We have traveled far across the land - battling enemy tribes - and have finally brought you this thing we shall call: "development economics"

From a Guardian Inter Press Service piece (re-published by the Guardian) on Esther Duflo titled "fighting poverty with economics":

Doing her PhD at MIT, she was one of the first doctoral students to apply economics to development, linking the two, at a time when there were few university faculties devoted to the subject.

"It was not considered a fancy area of study," she says. "There was a generation of people who had started looking at development from other fields. They had their own theories and only a few were economists. What I contributed to doing was to start going into detail. But I did have some advisers and mentors."

I think someone just retconned the birth date of development economics to 1999  (or maybe it's just been rebooted by a major studio).

To be fair, I've got a feeling the article was mainly copied off the back of a J-Pal brochure, as it completely underplays Duflo's main contributions to the field.

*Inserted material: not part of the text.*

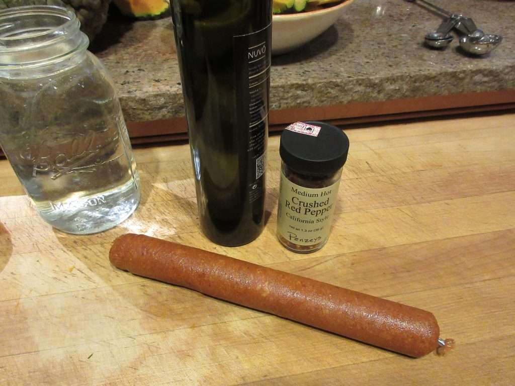 - ½ pound semi-dry Spanish chorizo or smoked kielbasa, cut into thin coins (We use soyrizo, which doesn’t slice)
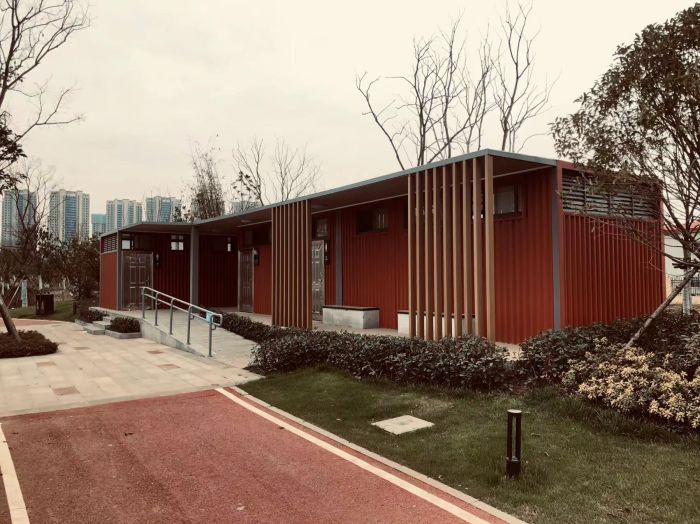拼裝廁所;在廠里做好各個廁所部件,再到現(xiàn)場組裝在一齊,適合不易運輸?shù)拇笮蛶_@座箱式廁所,女廁5個蹲位內(nèi)配工具間,男廁2個蹲位+2小便斗,第三衛(wèi)生間由殘疾馬桶、助力洗手盆和兒童馬桶、兒童洗手盆外加嬰兒臺等設(shè)施。廁所前后有窗,通風采光,前部走廊裝有屋檐,防雨防曬。此廁所位于公路綠道邊,整體大氣,功能齊全,造型美觀,是一道難得的靚麗景觀!

Update: Duflo comments on the article, pointing out that yes, the field is a little older than that and she had been trying to point out that she came in at a time that micro development empiricism hit a springboard (which is what I felt the article had completely missed).

2 Comments

Ranil Dissanayake · April 07, 2011 at 08:52 AM

/have-we-been-here-before/

My very first blog for Aid Thoughts, which was about a paper by Michal Kalecki called 'The Problem of Financing Economic Development'. It was written in 1954.

The Guardian's economics coverage generally is terrible, and it's development blog is a bit of cliche - a few really good, challenging pieces amidst acres of crap.

Angela · April 07, 2011 at 05:49 PM

Esther just replied to the article, as well as a few blog posts (http://marcfbellemare.com/wordpress/2011/04/esther-duflo-first-development-economist-ever/, http://www.edwardrcarr.com/opentheechochamber/?p=319). Setting the record straight!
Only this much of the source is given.